AIM OF THE EXERCISE - Where a picture shows up in the listing below, omit it and output the rest exactly.

(Beginning of PROVIDED DATA)

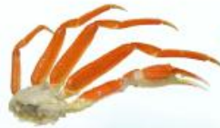
Clusters 5-8, 8-up, 10-up & 12-up
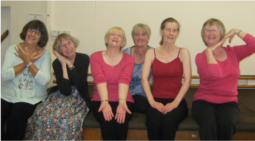
Just a few of the talented tip-toers
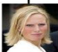
Zara Phillips b. 15 May 1981
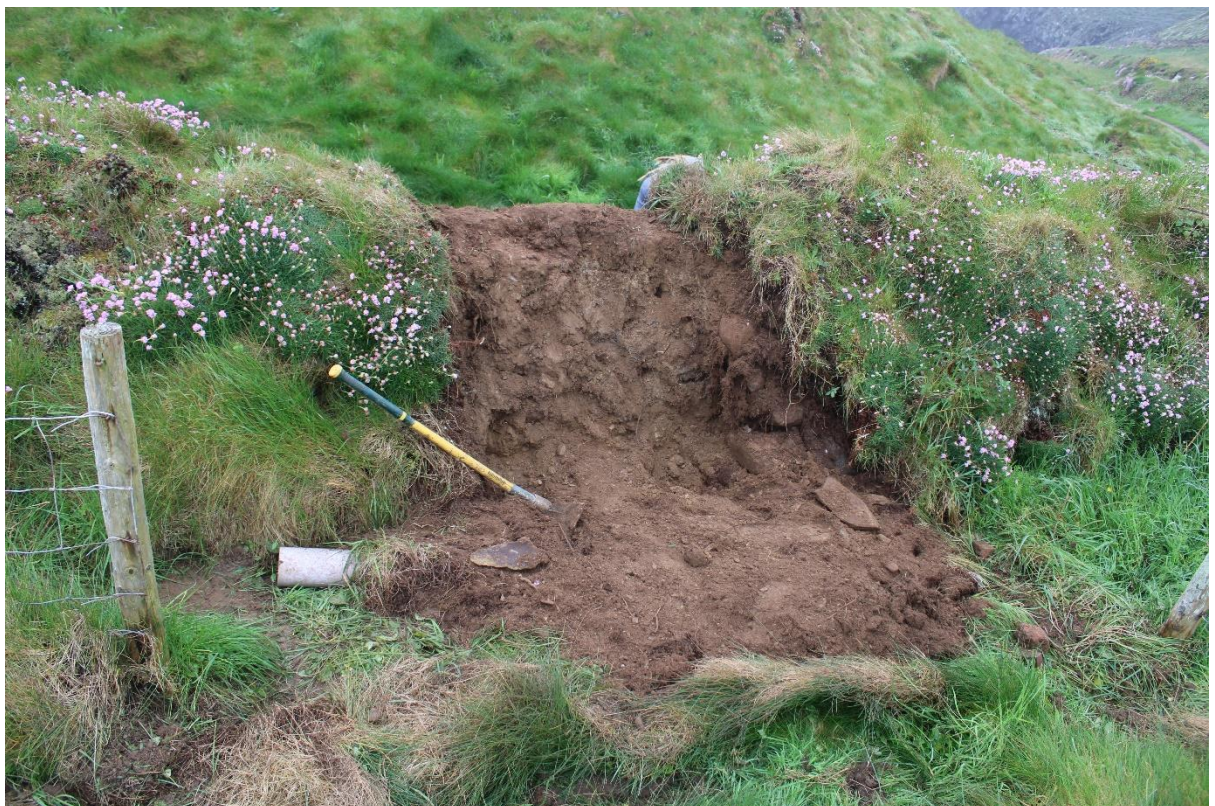
Figure 24. Photo showing the outer earth and stone layer of the bank on the side outside the monument has been removed to the required level.

(End of PROVIDED DATA)

SOLVED EXERCISE -
Clusters 5-8, 8-up, 10-up & 12-up
Just a few of the talented tip-toers
Zara Phillips b. 15 May 1981
Figure 24. Photo showing the outer earth and stone layer of the bank on the side outside the monument has been removed to the required level.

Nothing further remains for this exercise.